HR-670-118
Became Public Law No: 118-225.
What it does
This law requires the Centers for Medicare & Medicaid Services (CMS) to build and maintain a public website with Medicaid information specifically for people with disabilities and their caregivers. The site must cover eligibility rules, contact points, covered long-term services, and wait lists for home- and community-based services. CMS must also actively promote the website, including by working with the Social Security Administration to reach people who may need it.
Who benefits
People with disabilities who are enrolled in or seeking Medicaid coverage, particularly those seeking long-term services and supports (LTSS). Family members and unpaid caregivers who help navigate the Medicaid system on behalf of a person with a disability. Disability advocacy organizations that currently fill information gaps. Individuals on wait lists for home- and community-based services (HCBS) who may gain clearer information about their status and options.
Who is hurt
There are no directly identified groups who would face negative effects from this law.

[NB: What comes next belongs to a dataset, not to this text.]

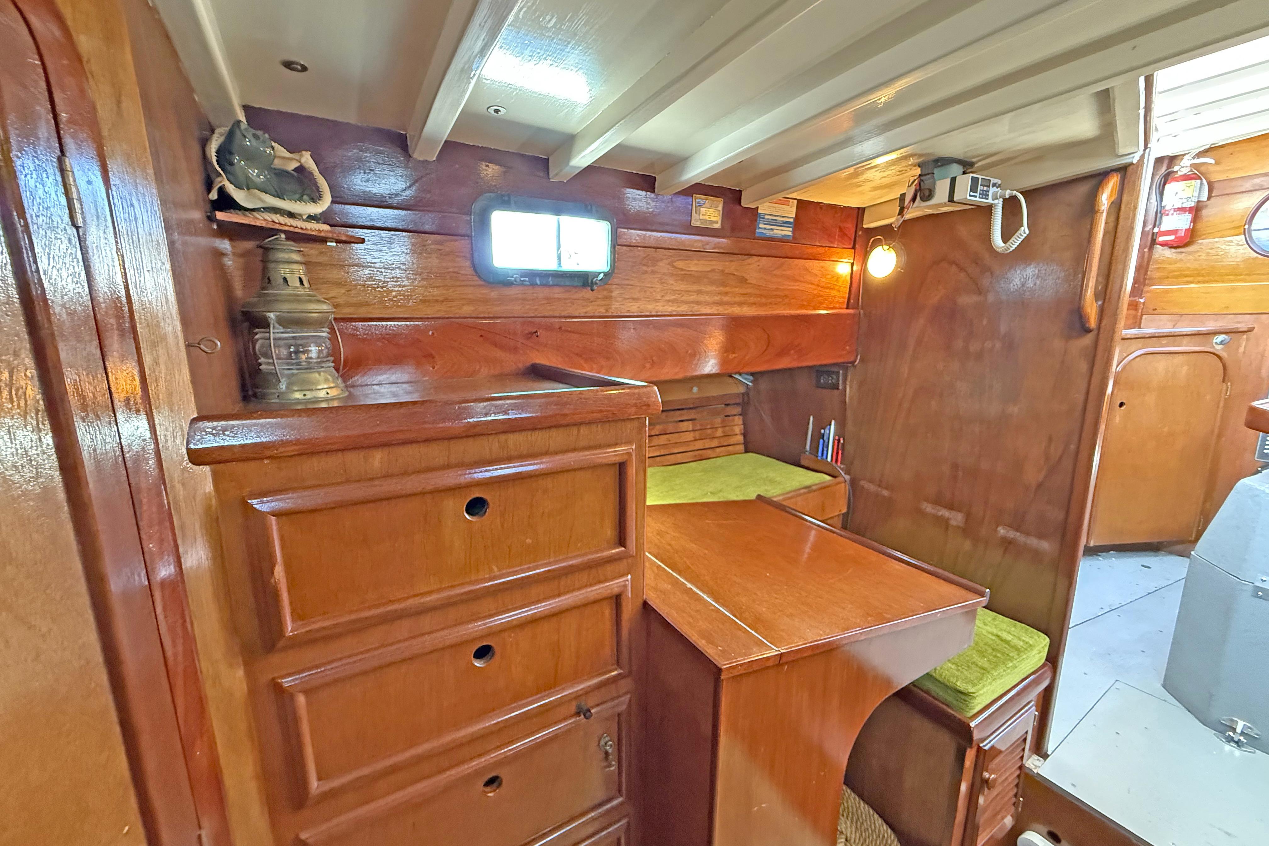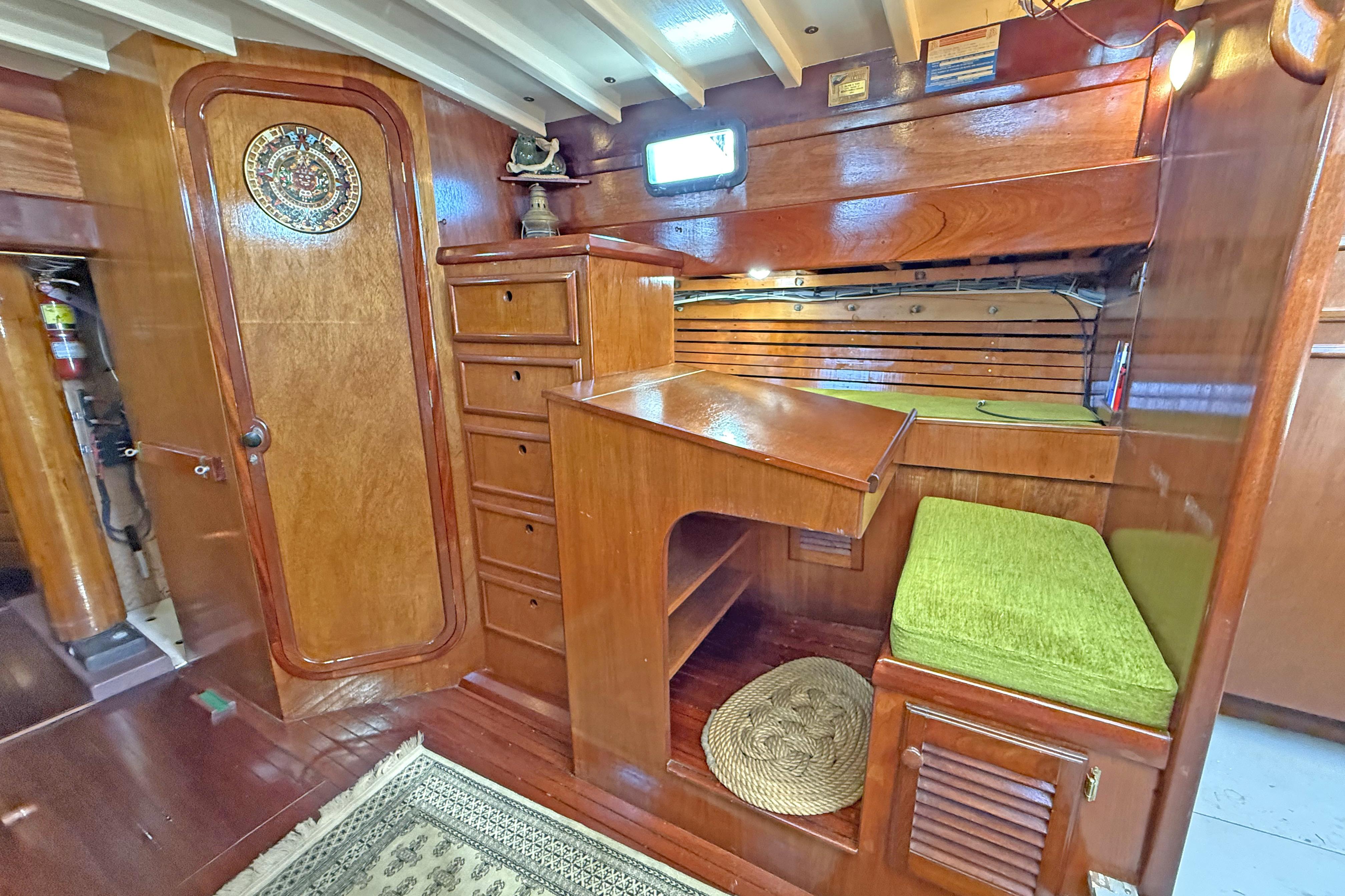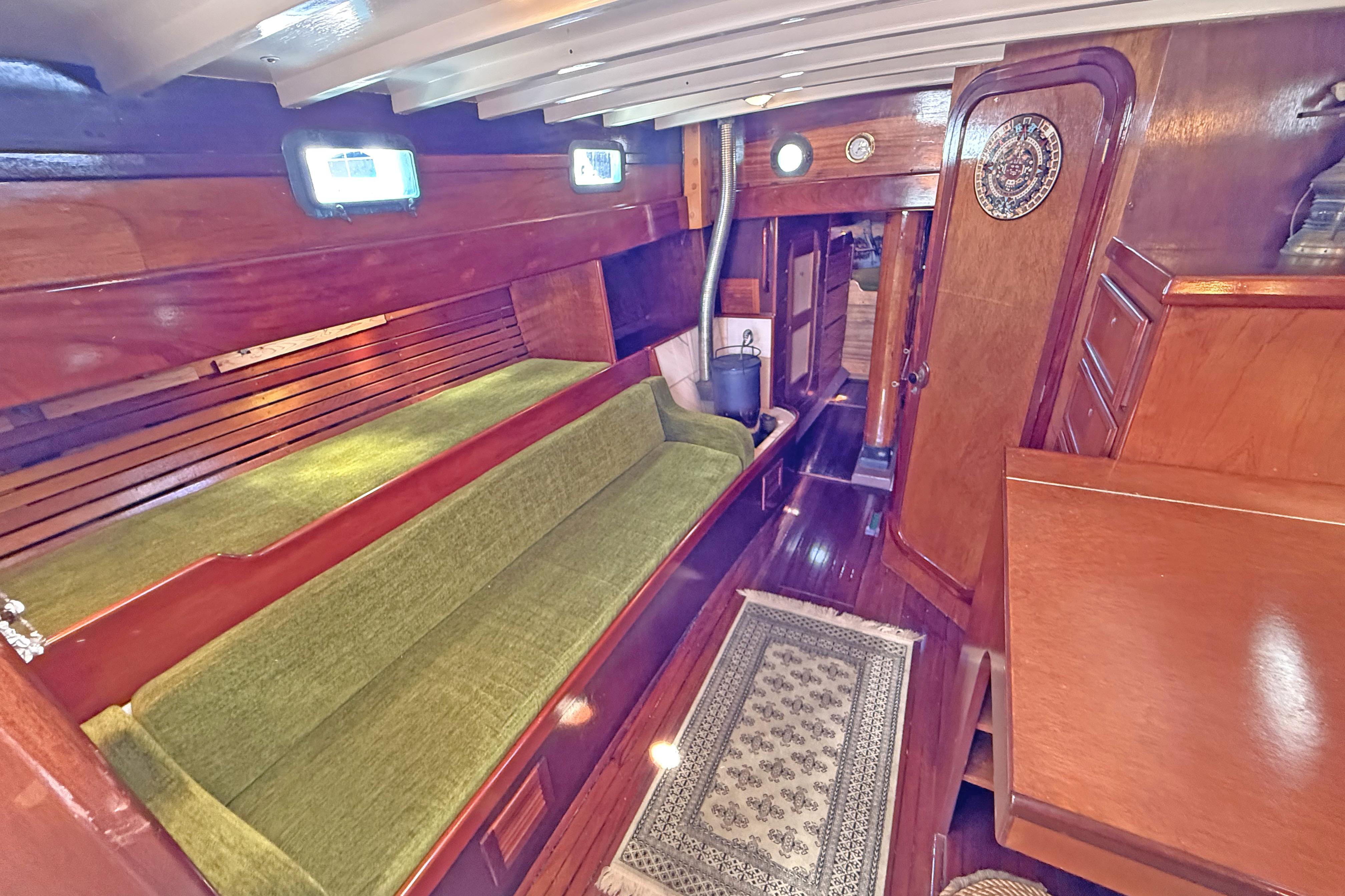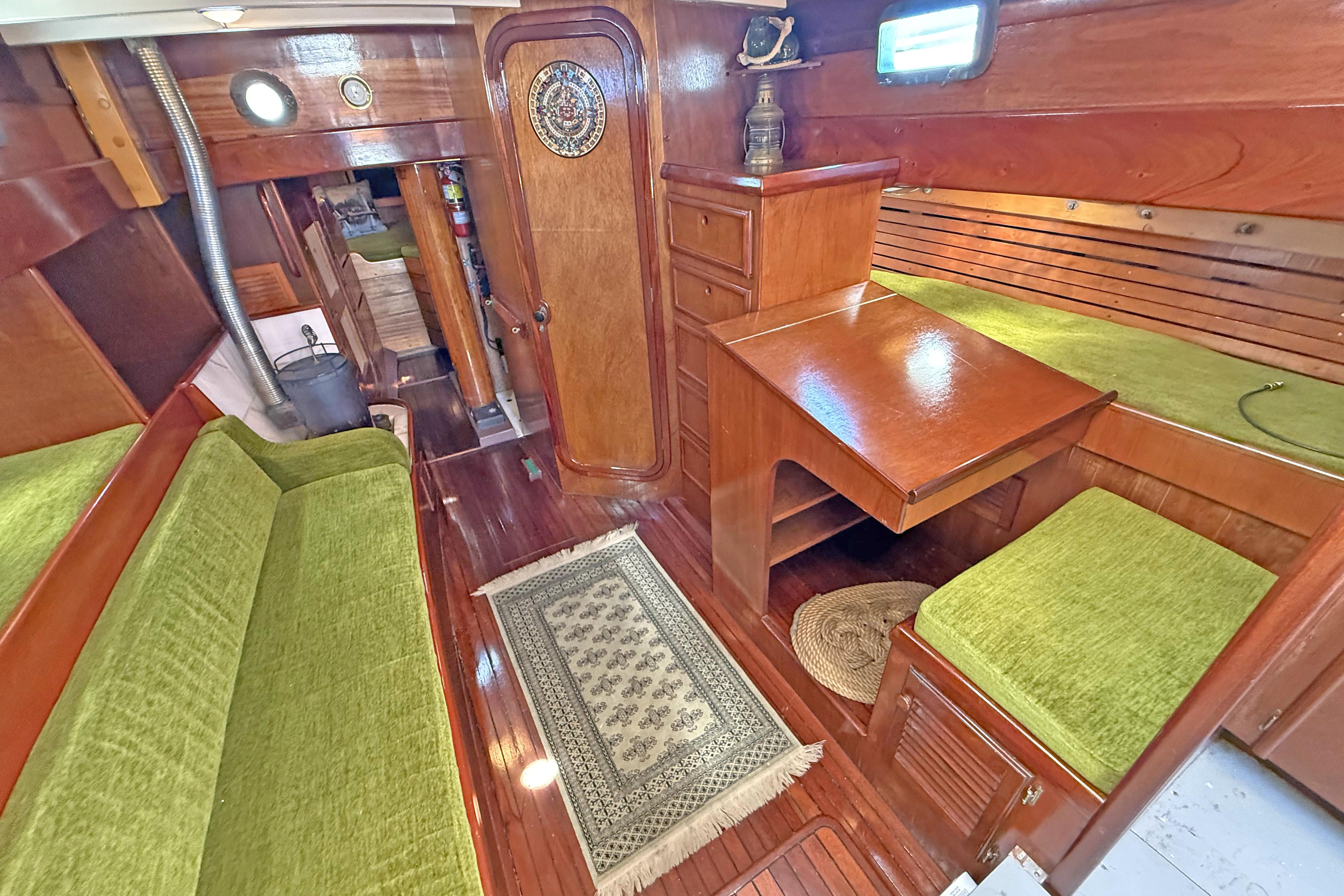 The interior, finished in 1987, is finished with varnished mahogany cabinetry and cabin soles, Arborite countertops and painted deckheads. After passing through the companionway one enters the galley area with a large table and plenty of preparation space.  The galley is excellent for offshore food preparation and entertaining at anchor.  Great sightlines to the outside from the galley. A step down and forward is the salon with a large settee and a pilot berth to port.  There is a private head with shower. The expansive navigation table is to starboard and conveniently close to another pilot berth. Four deck prisms for lots of light. Phoenix drip diesel cabin heater

Federal taxpayers would bear the cost of building and maintaining the website, though no specific appropriation amount is stated in the bill text. State Medicaid agencies may face indirect administrative burden if increased public awareness of eligibility and wait lists generates higher volumes of inquiries or applications.
Supporters argue
Supporters argue that the Medicaid system is notoriously difficult to navigate, and people with disabilities — who depend on it most — often lack clear, centralized information about what they qualify for and how to access it. A dedicated, government-maintained website would reduce the burden on individuals and caregivers who currently must piece together information from multiple sources. Supporters also contend that better access to information about home- and community-based services could help people move off wait lists faster by ensuring they understand and complete the enrollment process correctly. The law costs relatively little while potentially improving outcomes for one of the most vulnerable populations served by Medicaid.
Opponents argue
Opponents argue that the federal government already maintains extensive Medicaid information online, and that creating a new dedicated website risks duplicating existing resources without meaningfully improving access. They contend that the core barriers for people with disabilities are not information gaps but rather funding shortfalls, long wait lists, and workforce shortages in home- and community-based care — problems a website does nothing to solve. Opponents may also raise concerns that without a dedicated funding stream, CMS could build a site that becomes outdated or poorly maintained, giving users inaccurate information. Some may argue that resources spent on this effort would be better directed toward expanding actual service capacity.